TRY IT
Print out the entries from the line containing "While long, swinging" through the last line, exactly, and print nothing else. Pictures are not copied.

(SUPPLIED DATA)

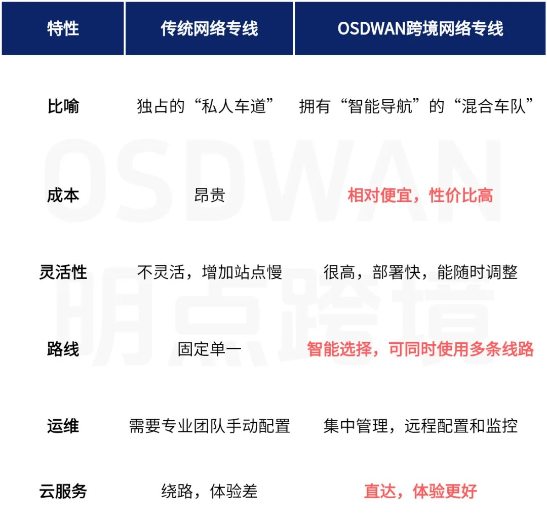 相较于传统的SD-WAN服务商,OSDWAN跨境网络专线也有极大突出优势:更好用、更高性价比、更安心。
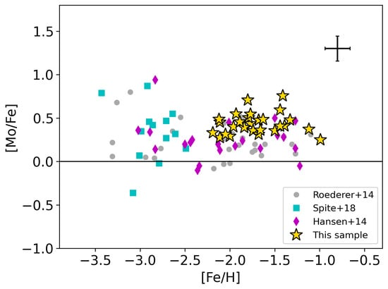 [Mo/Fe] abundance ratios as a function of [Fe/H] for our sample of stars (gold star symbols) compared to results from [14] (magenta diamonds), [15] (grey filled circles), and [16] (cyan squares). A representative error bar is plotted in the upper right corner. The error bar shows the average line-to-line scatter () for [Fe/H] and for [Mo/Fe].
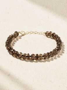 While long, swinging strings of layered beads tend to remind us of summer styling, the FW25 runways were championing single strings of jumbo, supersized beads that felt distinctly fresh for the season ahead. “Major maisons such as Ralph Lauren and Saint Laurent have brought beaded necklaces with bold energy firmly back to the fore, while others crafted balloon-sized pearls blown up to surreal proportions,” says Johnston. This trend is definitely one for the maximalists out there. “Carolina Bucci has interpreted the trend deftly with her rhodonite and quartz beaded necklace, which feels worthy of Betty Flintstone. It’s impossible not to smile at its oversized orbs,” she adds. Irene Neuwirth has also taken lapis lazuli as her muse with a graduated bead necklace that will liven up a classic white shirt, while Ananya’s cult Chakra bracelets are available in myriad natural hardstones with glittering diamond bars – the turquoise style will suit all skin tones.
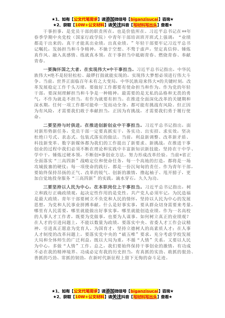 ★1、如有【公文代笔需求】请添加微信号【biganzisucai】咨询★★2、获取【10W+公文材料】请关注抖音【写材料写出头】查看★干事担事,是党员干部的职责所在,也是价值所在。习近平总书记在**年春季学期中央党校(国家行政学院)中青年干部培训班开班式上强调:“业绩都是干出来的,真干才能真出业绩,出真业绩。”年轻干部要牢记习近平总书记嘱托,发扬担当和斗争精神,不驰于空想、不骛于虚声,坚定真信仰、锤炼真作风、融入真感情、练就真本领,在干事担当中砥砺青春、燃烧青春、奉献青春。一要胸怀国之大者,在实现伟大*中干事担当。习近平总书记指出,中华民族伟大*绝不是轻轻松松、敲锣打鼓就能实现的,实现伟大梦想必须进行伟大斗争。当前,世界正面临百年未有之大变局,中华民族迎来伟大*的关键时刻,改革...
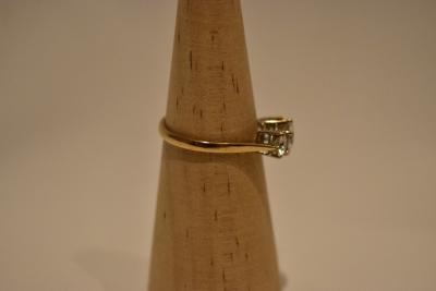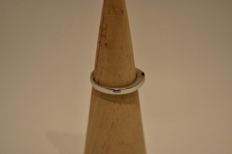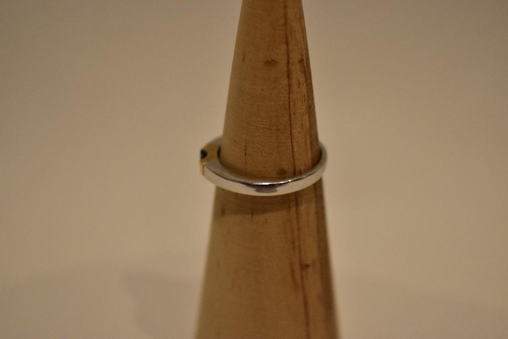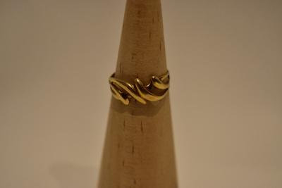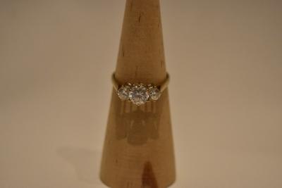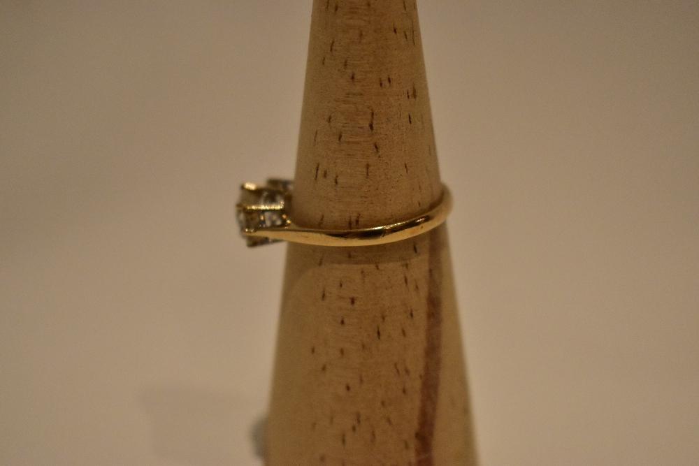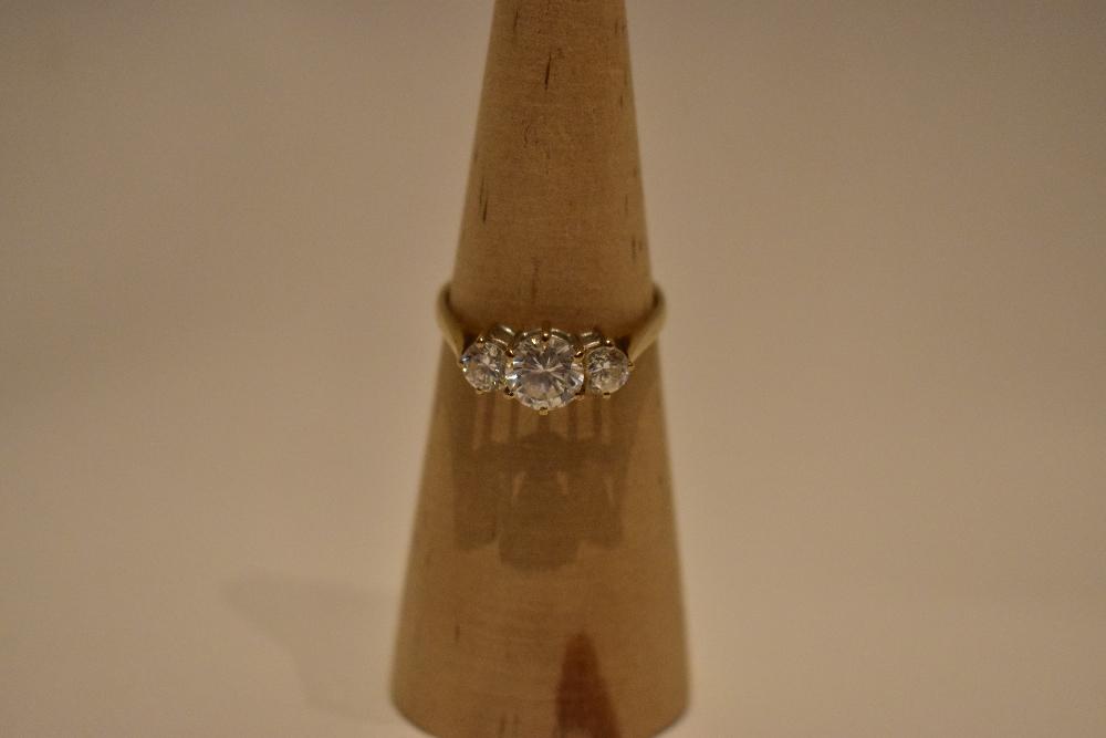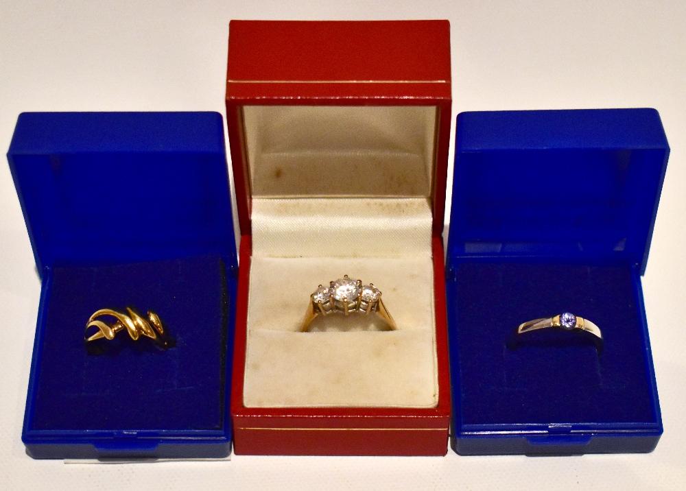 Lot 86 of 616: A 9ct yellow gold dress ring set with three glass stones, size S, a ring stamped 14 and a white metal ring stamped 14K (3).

(End SUPPLIED DATA)

SOLUTION FOR THIS PROBLEM
 While long, swinging strings of layered beads tend to remind us of summer styling, the FW25 runways were championing single strings of jumbo, supersized beads that felt distinctly fresh for the season ahead. “Major maisons such as Ralph Lauren and Saint Laurent have brought beaded necklaces with bold energy firmly back to the fore, while others crafted balloon-sized pearls blown up to surreal proportions,” says Johnston. This trend is definitely one for the maximalists out there. “Carolina Bucci has interpreted the trend deftly with her rhodonite and quartz beaded necklace, which feels worthy of Betty Flintstone. It’s impossible not to smile at its oversized orbs,” she adds. Irene Neuwirth has also taken lapis lazuli as her muse with a graduated bead necklace that will liven up a classic white shirt, while Ananya’s cult Chakra bracelets are available in myriad natural hardstones with glittering diamond bars – the turquoise style will suit all skin tones.
 ★1、如有【公文代笔需求】请添加微信号【biganzisucai】咨询★★2、获取【10W+公文材料】请关注抖音【写材料写出头】查看★干事担事,是党员干部的职责所在,也是价值所在。习近平总书记在**年春季学期中央党校(国家行政学院)中青年干部培训班开班式上强调:“业绩都是干出来的,真干才能真出业绩,出真业绩。”年轻干部要牢记习近平总书记嘱托,发扬担当和斗争精神,不驰于空想、不骛于虚声,坚定真信仰、锤炼真作风、融入真感情、练就真本领,在干事担当中砥砺青春、燃烧青春、奉献青春。一要胸怀国之大者,在实现伟大*中干事担当。习近平总书记指出,中华民族伟大*绝不是轻轻松松、敲锣打鼓就能实现的,实现伟大梦想必须进行伟大斗争。当前,世界正面临百年未有之大变局,中华民族迎来伟大*的关键时刻,改革...
 Lot 86 of 616: A 9ct yellow gold dress ring set with three glass stones, size S, a ring stamped 14 and a white metal ring stamped 14K (3).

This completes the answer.